Binary search trees are convenient to represent sets of values. To use them in this way, e need a contains function and an insert function.

Let’s focus on the insert function. insert takes a binary search tree representing a set of values $V$ and a new value $v_1$, and returns a new binary search tree representing the set $V \cup {v_1}$.

The following is an attempt at implementing insert:

def insert(t: IntTree, v1: Int): IntTree =
  t match
    case IntEmptyTree() => IntBranch(v1, IntEmptyTree(), IntEmptyTree())
    case IntBranch(v0, l, r) =>
      if v1 < v0 then IntBranch(v0, insert(l, v1), r)
      else IntBranch(v0, l, insert(r, v1))
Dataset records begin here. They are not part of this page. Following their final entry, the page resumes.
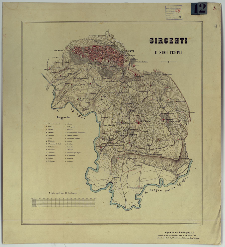"Docum. n. 12. Copia dei rilievi parziali eseguiti dal 1863 al 1867 firmati dal Capitano Rosalba, Luogo.te Pizzocaro, Ing. Corbara. Un foglio nitidamente disegnato a colori con orografia dimostrata mediante curve di livello, tracciate all'equidistanza di m. 5, abitati in rosso, acque in azzurro. La pianta di Girgenti è sussidiata da un elenco alfabetico delle principali costruzioni. Annessi i tre disegni dei rilievi parziali."
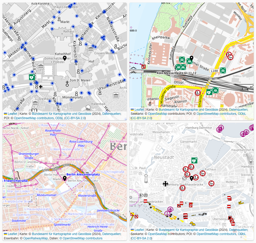 The points of interest are each displayed in a 500-meter radius around the event location or the predefined address and are therefore available in the dynamic and static map.
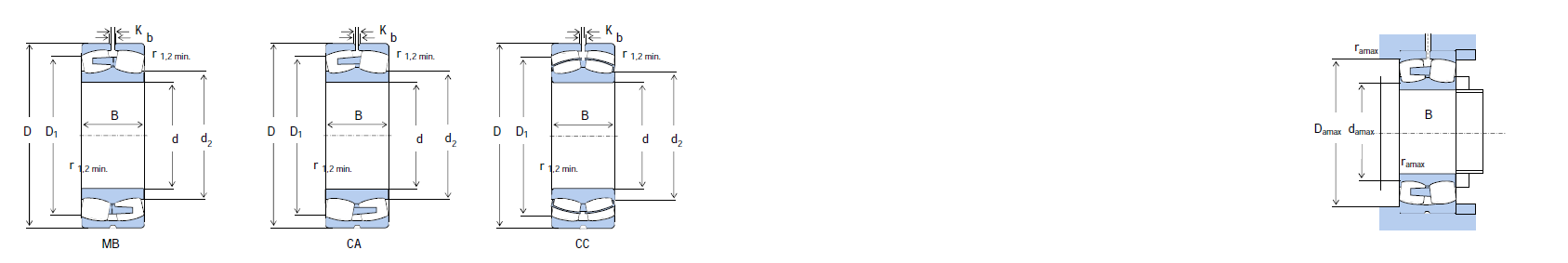 | Designations | Abutment and Fillet Dimensions | Calculation Factors | Mass (kg) |

src/main/scala/debugging/TreeOps.scala

Find a counterexample: an binary search tree t and an input v1 such that insert(t, v1) produces an incorrect result.
Fix the implementation.

Debugging expressions with side effects 🔜

We will study stateful code in depth in week 10. Since some of you have already started using vars, however, here is an exercise on this topic.
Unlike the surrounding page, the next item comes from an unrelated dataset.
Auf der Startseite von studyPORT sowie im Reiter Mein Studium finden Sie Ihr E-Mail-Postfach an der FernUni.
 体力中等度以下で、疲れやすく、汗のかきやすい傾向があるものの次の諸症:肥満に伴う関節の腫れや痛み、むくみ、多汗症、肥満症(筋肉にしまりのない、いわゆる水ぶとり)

Pure expressions can be evaluated in any order. Given def f(x: Int) = x + 1, you can substitute f(1) with 1 + 1 whenever you like and it doesn’t affect the final result.

On the other hand, the evaluation order matters for expression with side effects. Think about a function g that prints a message: in the program g("Hello "); g("world!"), it’s important that g("Hello ") be evaluated before g("world!"), otherwise "world!Hello " will printed instead of "Hello world!".
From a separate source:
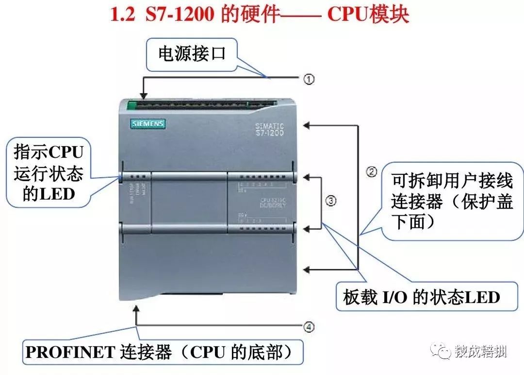 CPU将微处理器、集成电源、输入电路和输出电路组合到一个设计紧凑的外壳中以形成功能强大的PLC。

Reminder: Scala uses the call-by-value evaluation strategy by default.

`upgradeUserToVip`

Someone is writing a user-management program for a supermarket like Aligro. It maintains two global lists: users contains all users, vipUsers contains the VIP users. Any VIP user is in the users list as well.

var users: IntList = IntCons(101, IntCons(102, IntCons(103, IntNil())))
var vipUsers: IntList = IntCons(102, IntNil())

src/main/scala/debugging/ListOps.scala

createNewUser takes a user ID and creates a new user using this ID. It returns true if the new user was successfully created, and false if the ID was already in use (in that case, the user database is left unmodified).

def createNewUser(id: Int): Boolean =
  if contains(users, id) then false
  else
    users = IntCons(id, users)
    true

src/main/scala/debugging/ListOps.scala

createNewVipUser is similar to createNewUser, but it creates a new VIP user if it’s not already a VIP. Like createNewUser, it returns true if a new VIP user was successfully created.

def createNewVipUser(id: Int): Boolean =
  if contains(vipUsers, id) then false
  else
    vipUsers = IntCons(id, vipUsers)
    true

src/main/scala/debugging/ListOps.scala

Finally, upgradeUserToVip takes a user ID, and if this ID indeed belongs to a user and this user is not a VIP yet, it upgrades the user to VIP. It returns true if the upgrade was successful.

def upgradeUserToVip(id: Int): Boolean =
  val canCreateNewVipUser = createNewVipUser(id)
  contains(users, id) && canCreateNewVipUser

src/main/scala/debugging/ListOps.scala

This program contains a bug. What’s the bug?
Fix the bug.

Tracing code execution

Wait until the tracing and tests lecture to tackle this!

Polish notation (from week 1) ⭐️

Use tracing to gain a better understanding of the following function, which computes the value of a polish-notation expression:

enum Operand[+T]:
  case Add extends Operand[Nothing]
  case Mul extends Operand[Nothing]
  case Num(t: T)

type OpStack[T] = List[Operand[T]]